Human Resource Development in Higher Education

 Natalie Nestorowicz and Joo-Hyun Park

 

Introduction

The development of human resource has become a pivotal strategy of organizations to make their employees adaptive to a changing environment. Fast-paced changes in tasks, tools and technologies create a working world in which a basic education or one-time training is replaced by a constant updating of skills. These circumstances urge employees to become lifelong learners. Even entire organizations embrace lifelong learning as their new philosophy and transform into so-called, learning organization.[1]

Also, Higher Education Institutions (HEIs) undergo fundamental changes due to globalization, growing competition for funding and staff as well as increasing institutional autonomy. These changes are linked to new responsibilities requiring greater managerial and leadership competences (Pellert 2007). Especially the university’s responsibility towards its employees has changed - from simply administering to managing staff. In order to successfully adapt to this institutional shift and become more competitive in a complex environment, more and more HEIs adopt different strategies to better deploy their human resource. In view the fact that the investment for employees accounts for the largest share of university expenditure, human resource is the most valuable asset of HEIs and gains in importance in university affairs (Evans & Chun 2012).

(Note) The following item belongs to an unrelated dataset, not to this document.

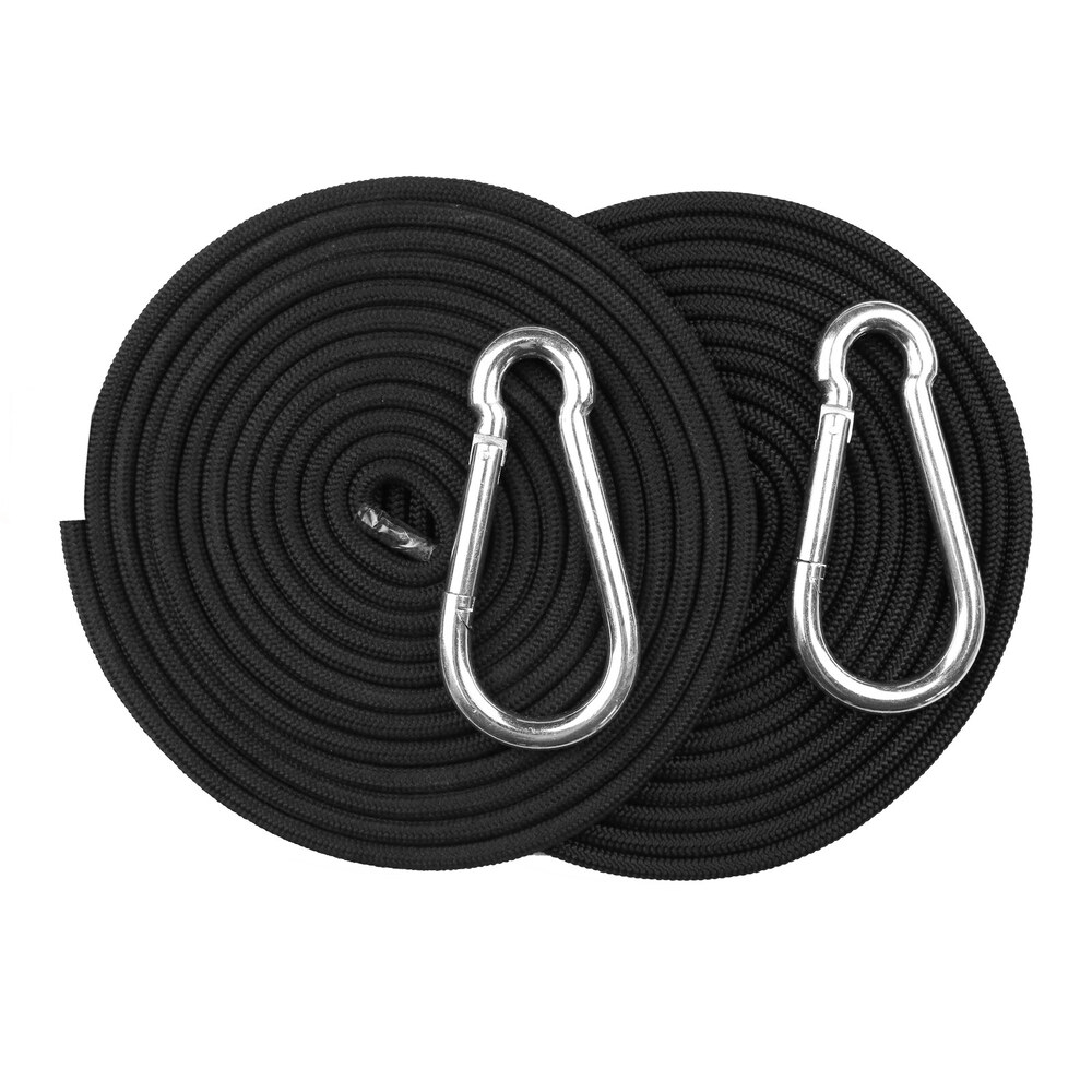 A kötelet duplán érdemes áthurkolni a fán/gerendán/bármin, és a karabinerrel egyszerűen ráakasztod a függőágyat, lásd a bolgban...

The following paper focuses on human resource development (HRD) activities in higher education. The paper consists of two parts each highlighting a different aspect of HRD. The first one focuses on the narrow and more commonly used meaning of HRD relating to the measurements an organization undertakes to develop their staff. Within this part the definition of the term HRD and the challenges of establishing HRD strategies in universities will be discussed. According to the authors’ view a limitation to the conventional understanding of HRD as staff development falls too short in the context of universities. Therefore, the second part of this paper proposes an extension of the meaning and use of HRD within universities by taking into account also the development of students.

 

Definition of Human Resource Development

There are various definitions of HRD, which differ in focus, purpose and goals according to the context. Despite numerous attempts in literature to define HRD, a consensus on a specific definition does not exist. However, two strands of definitions can be identified: one referring to a broader and the other to a narrower understanding of HRD. In the broad sense HRD seeks to develop people’s “knowledge, expertise, productivity and satisfaction, whether for personal or group/ team gain, or for the benefit of an organisation, community, nation, or ultimately, the whole of humanity.” (McLean & McLean 2001).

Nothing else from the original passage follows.